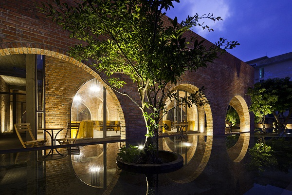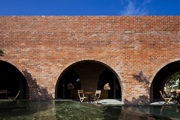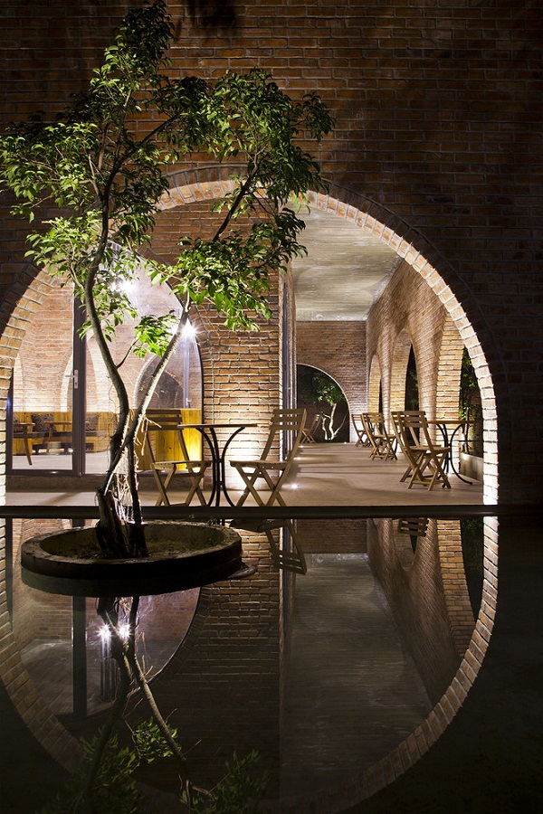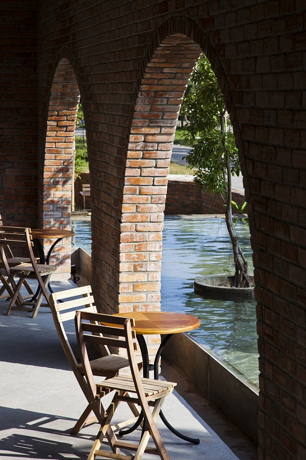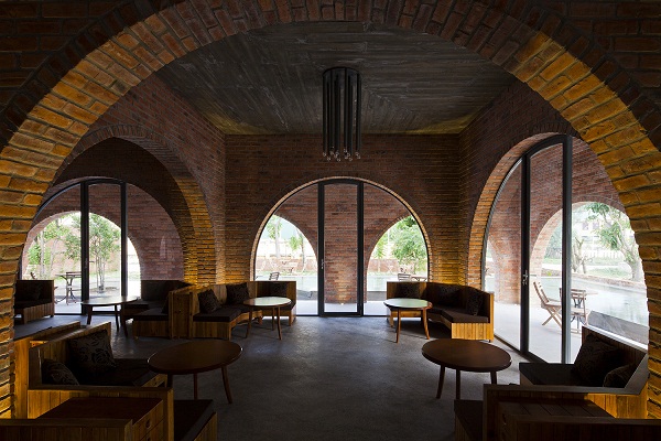 Không gian quán café được tạo thành từ 24 vòm gạch sử dụng ngôn ngữ hình ảnh độc đáo nhằm truyền tải cách chúng ta tập trung để tạo ra không gian kiến trúc. Hơn nữa, công trình được xây dựng theo cấu trúc này còn mang đến giải pháp tiết kiệm chi phí.
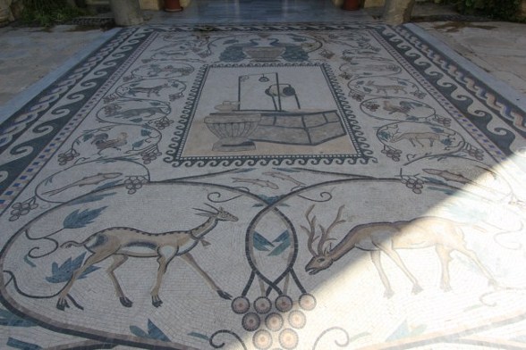 유적지는 보존 상태가 엉망이었기 때문에 비잔틴 시대의 모자이크 바닥의 일부는 현대 바실리카 외부의 앱스 동쪽에서만 볼 수 있다. 성당 밖에서 뒤쪽으로 돌아가면 모자이크를 볼 수 있다.
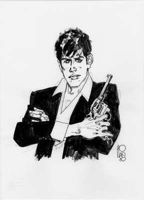 La expo (colgada en las paredes o impresa en el papel) celebró como se debe los 25 años de Dylan Dog, fenómeno editorial e icono cultural a tiempo completo, gracias a los complejos mecanismos internos con que Tiziano Sclavi pergreñó serie y personajes; y al tesón y la visión comercial del recientemente desaparecido Sergio Bonelli, que apostó por él cuando Dylan Dog era sólo el nuevo lanzamiento de la escudería editorial más importante de la historieta popular italiana. Es imposible imaginar al actual kiosco italiano sin sus (muchos, tal vez demasiados) títulos de Dylan Dog en exhibición. Pero hace 25 años, ese lugar había que ganárselo con imaginación, ingenio y una alta dosis de monstruos. Y el inquilino de Craven Road demostró estar a la altura de las circunstancias. O, tal vez, un poquitín más arriba.
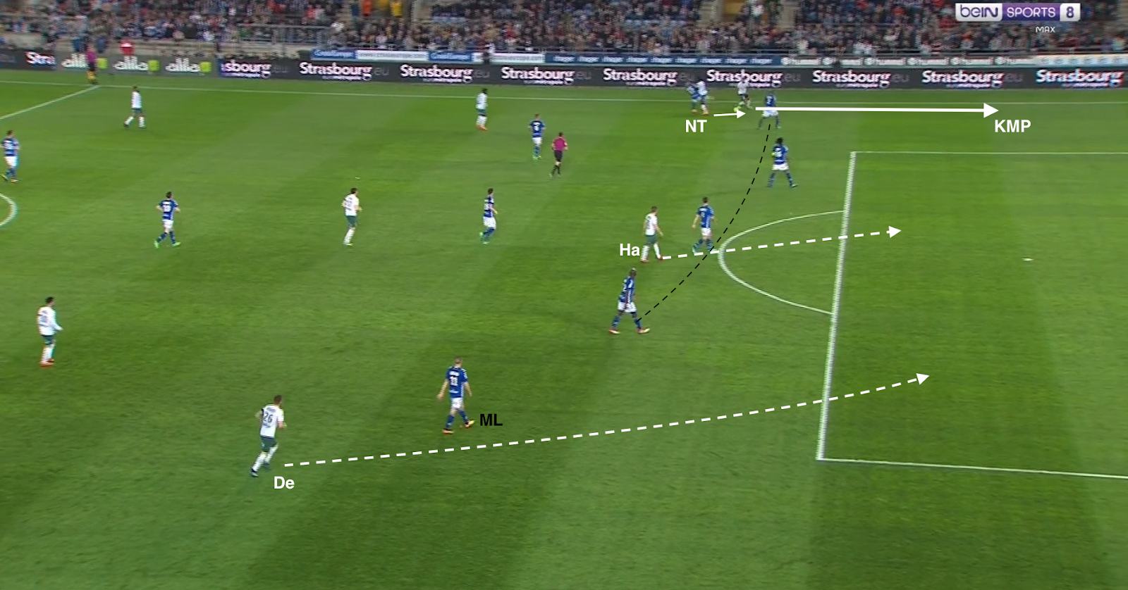 Il ne passe pas par M'Vila, mais écarte directement avec KMP, qui joue en première intention avec Ntep et lui propose ensuite une solution dans son dos. Le changement de côté est rapide, le jeu à une touche de balle aussi, mais la défense n'est pas en déséquilibre pour autant :
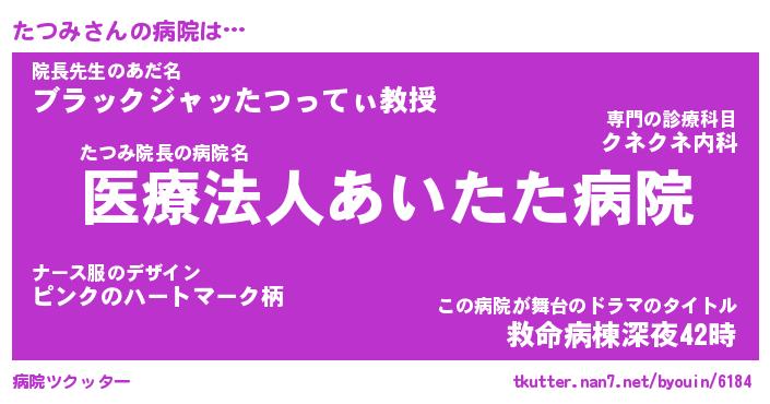 | ヘコむあだ名 | 『たつっふぃ~』『なまこ酢』 |
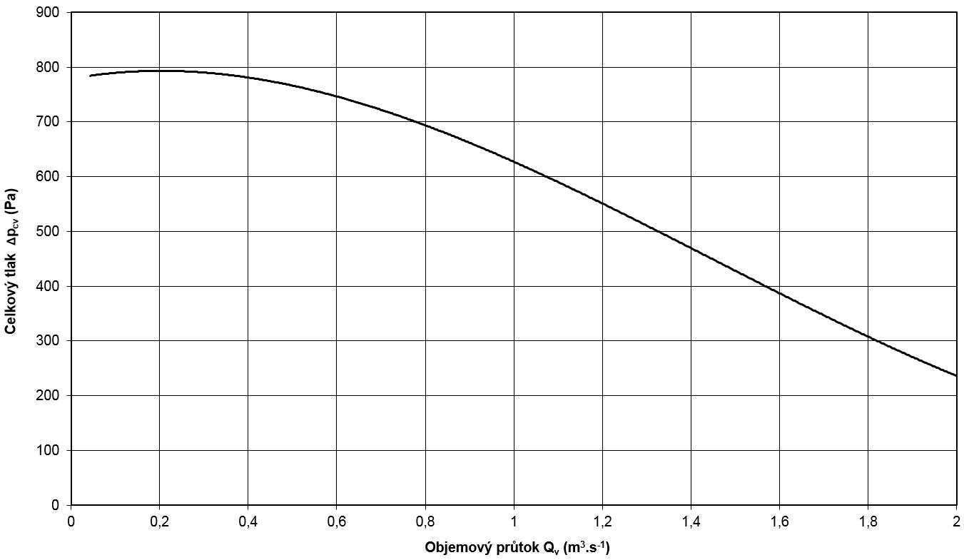 Výkonové oblasti ventilátoru RSS 500 na přímo - motor 2,2 kW, otáčky 1420 1/min
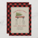 Christmas Party Wood Wagon Car Tree Plaid Invitation
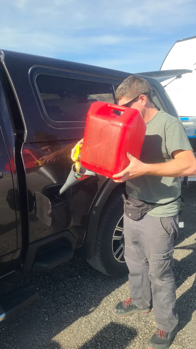 Ironically, we didn't run out of gas in the 85 octane boonies, but we did run out of gas in the 93 octane boonies! On our way to Joshua Tree National Park in CA, we made the grave mistake of passing by a gas station that looked too crowded. We underestimated just how desolate parts of CA could be, and we ended up running out of gas not once, but TWICE before making it to the National Park. Thank goodness we had reserves, but Anthony filling up on the side of the freeway with semitrucks speeding by is NOT one of our fondest Clyde memories.
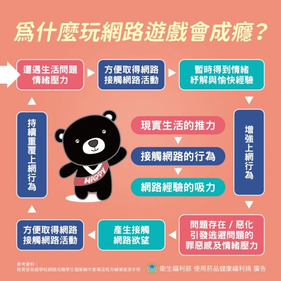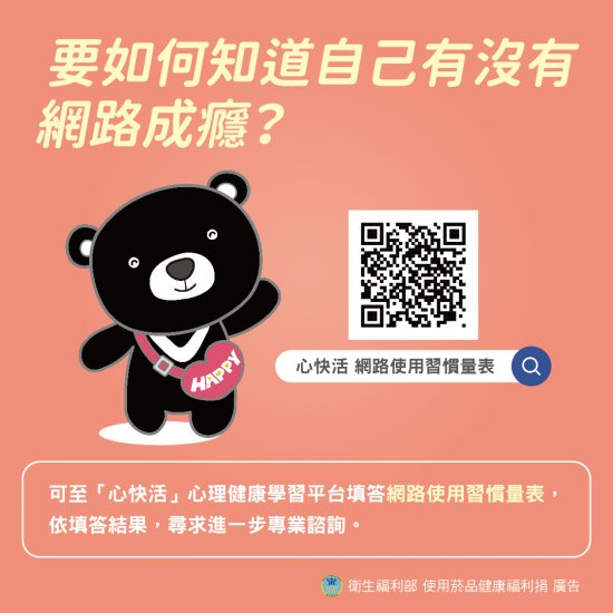 一、每學期最後一周為網路成癮防治宣導週,請觀賞衛服部製作的宣導影片及防治圖卡

> **Exercise brief**
The records above should be reproduced exactly, with no pictures included.

> **Answer for this exercise**
 Không gian quán café được tạo thành từ 24 vòm gạch sử dụng ngôn ngữ hình ảnh độc đáo nhằm truyền tải cách chúng ta tập trung để tạo ra không gian kiến trúc. Hơn nữa, công trình được xây dựng theo cấu trúc này còn mang đến giải pháp tiết kiệm chi phí.
 유적지는 보존 상태가 엉망이었기 때문에 비잔틴 시대의 모자이크 바닥의 일부는 현대 바실리카 외부의 앱스 동쪽에서만 볼 수 있다. 성당 밖에서 뒤쪽으로 돌아가면 모자이크를 볼 수 있다.
 La expo (colgada en las paredes o impresa en el papel) celebró como se debe los 25 años de Dylan Dog, fenómeno editorial e icono cultural a tiempo completo, gracias a los complejos mecanismos internos con que Tiziano Sclavi pergreñó serie y personajes; y al tesón y la visión comercial del recientemente desaparecido Sergio Bonelli, que apostó por él cuando Dylan Dog era sólo el nuevo lanzamiento de la escudería editorial más importante de la historieta popular italiana. Es imposible imaginar al actual kiosco italiano sin sus (muchos, tal vez demasiados) títulos de Dylan Dog en exhibición. Pero hace 25 años, ese lugar había que ganárselo con imaginación, ingenio y una alta dosis de monstruos. Y el inquilino de Craven Road demostró estar a la altura de las circunstancias. O, tal vez, un poquitín más arriba.
 Il ne passe pas par M'Vila, mais écarte directement avec KMP, qui joue en première intention avec Ntep et lui propose ensuite une solution dans son dos. Le changement de côté est rapide, le jeu à une touche de balle aussi, mais la défense n'est pas en déséquilibre pour autant :
 | ヘコむあだ名 | 『たつっふぃ~』『なまこ酢』 |
 Výkonové oblasti ventilátoru RSS 500 na přímo - motor 2,2 kW, otáčky 1420 1/min
 Christmas Party Wood Wagon Car Tree Plaid Invitation
 Ironically, we didn't run out of gas in the 85 octane boonies, but we did run out of gas in the 93 octane boonies! On our way to Joshua Tree National Park in CA, we made the grave mistake of passing by a gas station that looked too crowded. We underestimated just how desolate parts of CA could be, and we ended up running out of gas not once, but TWICE before making it to the National Park. Thank goodness we had reserves, but Anthony filling up on the side of the freeway with semitrucks speeding by is NOT one of our fondest Clyde memories.
 一、每學期最後一周為網路成癮防治宣導週,請觀賞衛服部製作的宣導影片及防治圖卡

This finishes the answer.